Background: Drug overdose is the leading cause of death among people 25-44 years of age in the United States. Existing drug surveillance methods are important for prevention and directing treatment, but are limited by delayed reporting and lack of geographic granularity.
Methods: Laboratory urine drug screen and complete metabolic panel data from patients presenting to the emergency department was used to observe long-term and short-term temporal and geospatial changes at the zip code-level in St. Louis. Multivariate linear regression was performed to investigate associations between zip code-level socioeconomic factors and drug screening positivity rates.
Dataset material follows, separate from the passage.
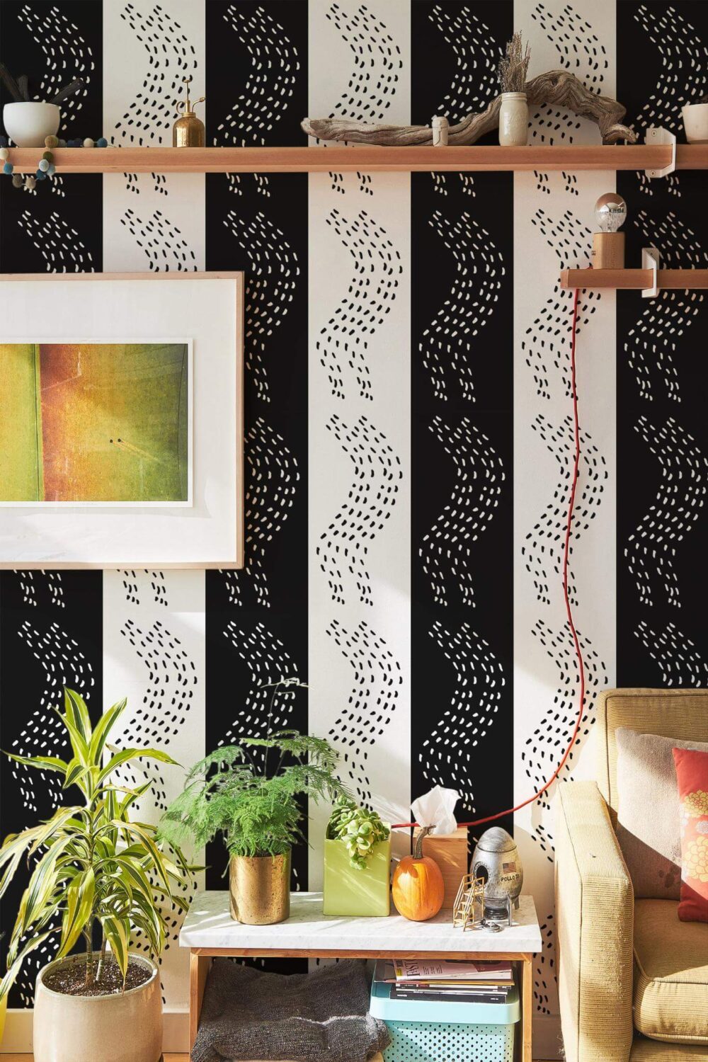 Horseshoe wallpaper brings a minimalist touch to your hallway with its black and white line art design, perfect for adding a playful yet sophisticated flair. This pattern, with its imaginative dashed loops and curves, creates a whimsical, rhythmic flow that transforms any space into a lively and inviting area. While ideal for hallways, the Horseshoe wallpaper can enhance any room, offering a fun and abstract charm that captivates and delights. Available in both peel and stick (self-adhesive – no glue needed, removable) and traditional non-pasted options, the peel and stick version is particularly easy to apply. The original black and white can be replaced with any of our standard shades or a custom color of your choice, allowing you to personalize your décor. Inspired by nature and crafted by our global team, Horseshoe is designed to bring color and joy to homes worldwide with its safe, PVC-free beauty.

Results: An increase in the fentanyl positive drug screens was seen during the initial COVID-19 shutdown period in the spring of 2020. A decrease in cocaine positivity was seen in the fall and winter of 2020, with a return to baseline coinciding with the second major COVID-19 shutdown in the summer of 2021. These changes appeared to be independent of changes in emergency department utilization as measured by complete metabolic panels ordered. Significant short-term changes in fentanyl and cocaine positivity rates between specific time periods were able to be localized to individual zip codes. Zip code-level multivariate analysis demonstrated independent associations between socioeconomic/demographic factors and fentanyl/cocaine positivity rates as determined by laboratory drug screening data.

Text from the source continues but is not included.